Considering the combination of multiple motor synergy repertories, linearity plays an important role. Linearity makes it possible to extend the current repertory of motor synergies by adding other motor synergies. This study directly demonstrates this using the optimization of the frontal and upper targets (figures 5c and 6c). The motor synergy repertories extracted from the horizontal and sagittal policies enable x–y and x–z directional reaching, respectively. Each repertory itself cannot realize y–z directional reaching movements; however, combining them, a new skill that can perform y–z directional reaching can be realized. Whereas there exists a study that addresses the extension of motor synergy repertories [38], our study extends the repertories with motor synergies that are extracted from individually learned movements.
These findings can also contribute to machine learning and robotics. Our results suggest the possibility that a robot can construct new movements by re-using previously acquired skills through motor synergies. Even if motor synergies may not be able to work in other robots that have totally different kinematics, that fact can be beneficial toward the scalability of intelligent robots.
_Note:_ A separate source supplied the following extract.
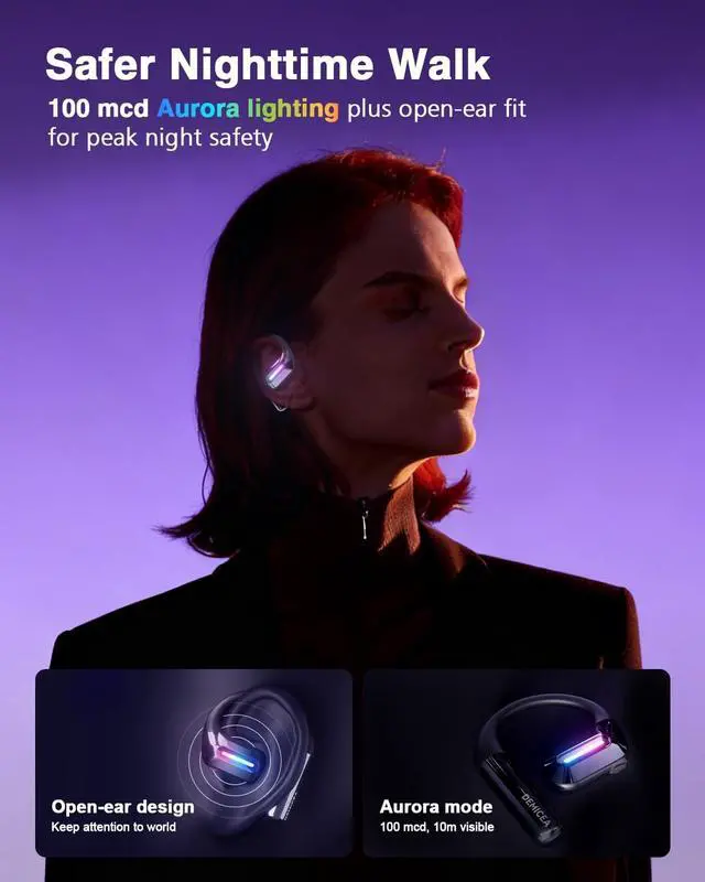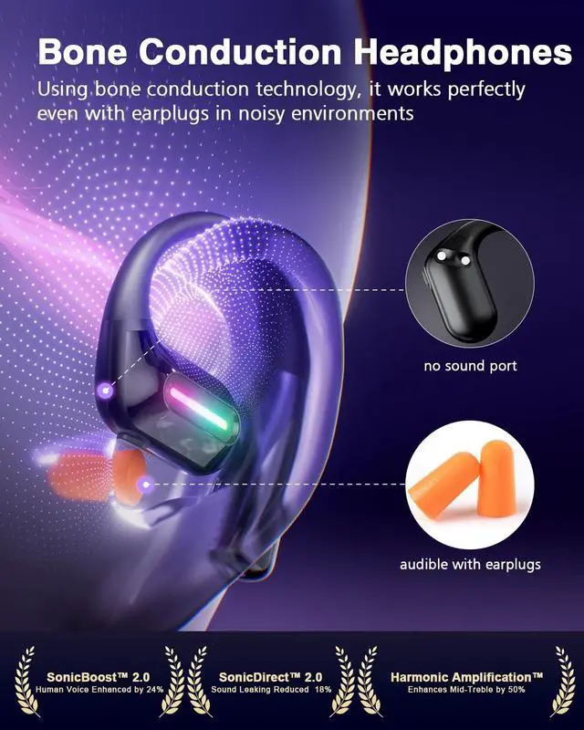 [True Bone Conduction Tech for Superior Sound] Our bone conduction headphones deliver crystal-clear audio through vibration. SonicBoost Tech 2.0 enhances vocals by 24%, making conversations and lyrics sharper. SonicDirect Tech 2.0 reduces sound leakage by 18% to ensure your privacy, while Harmonic Amplification Technology boosts mid-to-high frequencies by 50% for a richer, more detailed audio experience. ^^ [Open-Ear Design with Vibrant RGB for Safer Night Sports] Our open-ear headphones feature a 100mcd dynamic lighting design, offering brightness comparable to a single bicycle taillight LED. This significantly increases visibility during night runs or rides, ensuring you remain clearly seen in low-light environments.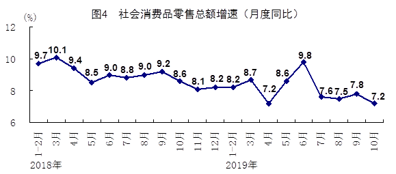 1-10月份,社会消费品零售总额334778亿元,增长8.1%,增速比1-9月份回落0.1个百分点。10月份,社会消费品零售总额38104亿元,同比增长7.2%,增速比上月回落0.6个百分点。其中,扣除汽车以外的社会消费品零售总额增长8.3%。按经营单位所在地分,城镇消费品零售额32744亿元,增长7.0%;乡村消费品零售额5360亿元,增长8.6%。按消费类型分,餐饮收入4367亿元,增长9.0%;商品零售33737亿元,增长7.0%。消费升级类商品较快增长。限额以上单位通讯器材类和体育娱乐用品类商品分别增长22.9%和11.5%,快于全部社会消费品零售总额增速15.7和4.3个百分点。国内旅游收入、全国电影票房总收入持续较快增长。

Therefore, it will improve the efficiency of motor learning, although there is a labour of motor synergy extraction.
4.4. Comparison with the findings in neuroscience
Although it is not our goal to describe the actual adaptation process in humans, it is possible to compare our results with past findings in neuroscience. Previous studies have suggested that humans employ the superposition of motor synergies to generate new movements. Ivanenko et al. and Clark et al. reported that approximately five motor synergies were able to represent human locomotion [39,40]. Moreover, Ivanenko et al. reported that additional motor synergies make it possible to represent other types of movements such as straddling-obstacle movements [41]. Similar findings are reported in multi-directional reaching tasks [4]. Although our study did not consider the timing of motor synergy activation, as in the above studies, we computationally reproduced a similar phenomenon in which new movements were generated by extending motor synergy repertoires.
Our findings are also closely related to the shared synergies and motor synergies commonly observed in movements for different tasks [6,9]. Scano et al. showed that similar motor synergy structures were observed between reaching tasks with various target positions [9]. Israely et al. demonstrated that a set of motor synergies in a reaching task can account for other directional movements [8]. Those studies have shown the existence of the shared synergies; by contrast, our study demonstrates a process in which motor synergies are re-used for new targets to function as shared synergies. In this study, the motor synergies are not intended to be shared with different types of targets. This is in contrast to other studies that directly designed shared-synergy structures [21,42].
However, there are differences between our method and the human adaptation process. One difference is that we only treated joint-level synergies, whereas human studies usually consider muscle-level synergies. As the numbers of muscles are usually more than those of joints, higher dimensionality needs to be treated than that of ours in muscle-level synergies. Muscle-level synergies also consider redundancy of antagonistic muscles, which do not appear in joint-level synergies. On the other hand, the tasks in this study also have redundancy and nonlinearity due to the inverse kinematics. Moreover, previous studies pointed out that joint-level synergies are highly correlated with muscle-level synergies [43,44]. These suggest that our results can also be applied to muscle-level synergies of more complex musculoskeletal systems.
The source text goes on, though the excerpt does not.